Meet Gabriela Delano-Stephens and Dr. Emily Lipinski, c0-authors of Chapter 4: Hormonal Balance for Less PMS and Chapter 6: Detoxification for Less PMS.

Why is menstruation important?

It is the basis of female fertility. It is a measure of health and vitality and it connects us with the rhythms of the earth and moon.

Why do women need to know about hormonal balance and detoxification?

With such a huge amount of toxins in our environment these days, our bodies are going into overdrive to maintain optimal detoxification pathways. Excess hormones are detoxified through the liver and colon and if these pathways are not clear hormones, that are no longer needed, can be re absorbed into the system, throwing off the delicate hormonal balance. This is why frequent detoxification is so important!

We believe it is important for woman to look and feel their best.  Hormones are at the core of the menstrual cycle physiology. Once a woman gains more knowledge about the changes taking place in her body each month it can be both empowering and enlightening.  Working toward achieving hormonal balance is an integral part of a woman’s health and wellness.

Do you have a personal story about menstruation you’d like to share?

Emily still remembers the day she first discovered she was a woman, and she felt terrified! She thought that it had come too soon (she was in grade 5). It was painful and very uncomfortable. Additionally, she felt embarrassed talking about it and kept her feelings and questions about her period to herself.

Once in her 20s, her cramps and pre-menstrual acne worsened. The oral birth control pill helped, but came with numerous side effects that she just wasn’t comfortable with. Throughout her life experience and education, she now realizes that although menstruation can be uncomfortable it brings womanhood, fertility and a cycle to connect us with the rhythms of the earth. Additionally, there are foods, herbs and vitamins that can significantly help woman with their menstrual cycles and there are many effective alternatives other than the birth control pill!

Looking back, Emily wishes that there was a resource or open database where she could learn more about the changes that take place in the female body find helpful tips and tricks on how to have a healthier period and balanced hormones. Periodmakeover.com was born out of both Gabriela’s and Emily’s desire to help women everywhere gain better understanding of their cycles and provide useful information to achieve hormonal balance.
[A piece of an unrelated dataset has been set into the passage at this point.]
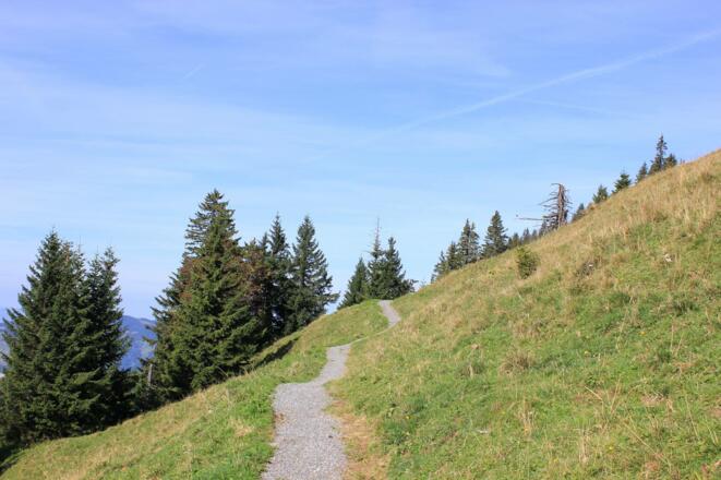 Durchgehend „rennbare“ Strecke in Mittelgebirgshöhe (max. Seehöhe - 1600m) mit sensationeller Sicht auf weite Teile des Bregenzerwaldes, dessen imposante Bergwelt und den Bodensee.
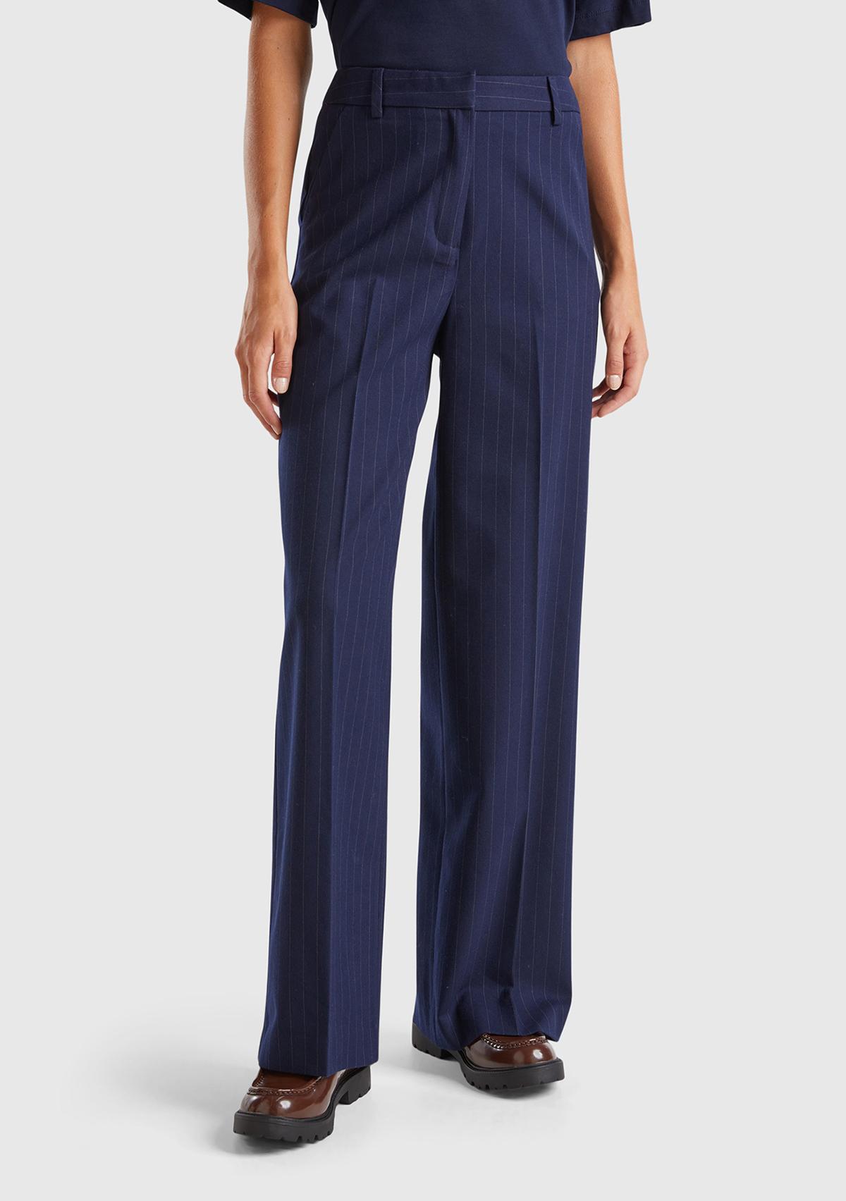 Kadın Lacivert Viskoz Karışımlı Önü Cepli İnce Çizgili Geniş Paça Pantolon

What kind of menstrual protection do you use?

Gabriela always uses a DivaCup and, on occasion, GladRags. Emily uses GladRags or LunaPads and in a pinch will opt for organic cotton disposable pads.

emilylipinskiDr. Emily Lipinski, ND, HBSc, and Gabriela Delano-Stephens, RHN, BSc, of periodmakeover.com, are both food lovers and passionate about bringing the body back to health through natural remedies wherever possible. They started their website to bring awareness to women about the importance of attaining health through natural methods to balance hormones and reduce premenstrual symptoms.

Dr. Lipinski graduated from the Canadian College of Naturopathic Medicine in Toronto, Ontario, and is a member of the Ontario Association of Naturopathic Doctors. She practices in the greater Toronto area. She strongly believes in addressing the root cause of a medical issue and using natural therapies either alone or in conjunction with conventional western medicine. She has a passion for women’s health, including premenstrual syndrome, menopause, and antiaging. She is committed to helping her patients feel great and look their best.

gabrieladelanostephensGabriela is a holistic nutritionist and loves many aspects of food, from growing food and preparing meals to knowing how it works in the body to create optimum health. She works with clients from around the world, helping them to achieve their health goals.

Gabriela is also passionate about yoga and is a certified yoga teacher. Yoga caught her attention with its power to calm the mind, heal the body, and release emotional tension as it taps into creative energy and allows us to transcend self-doubt.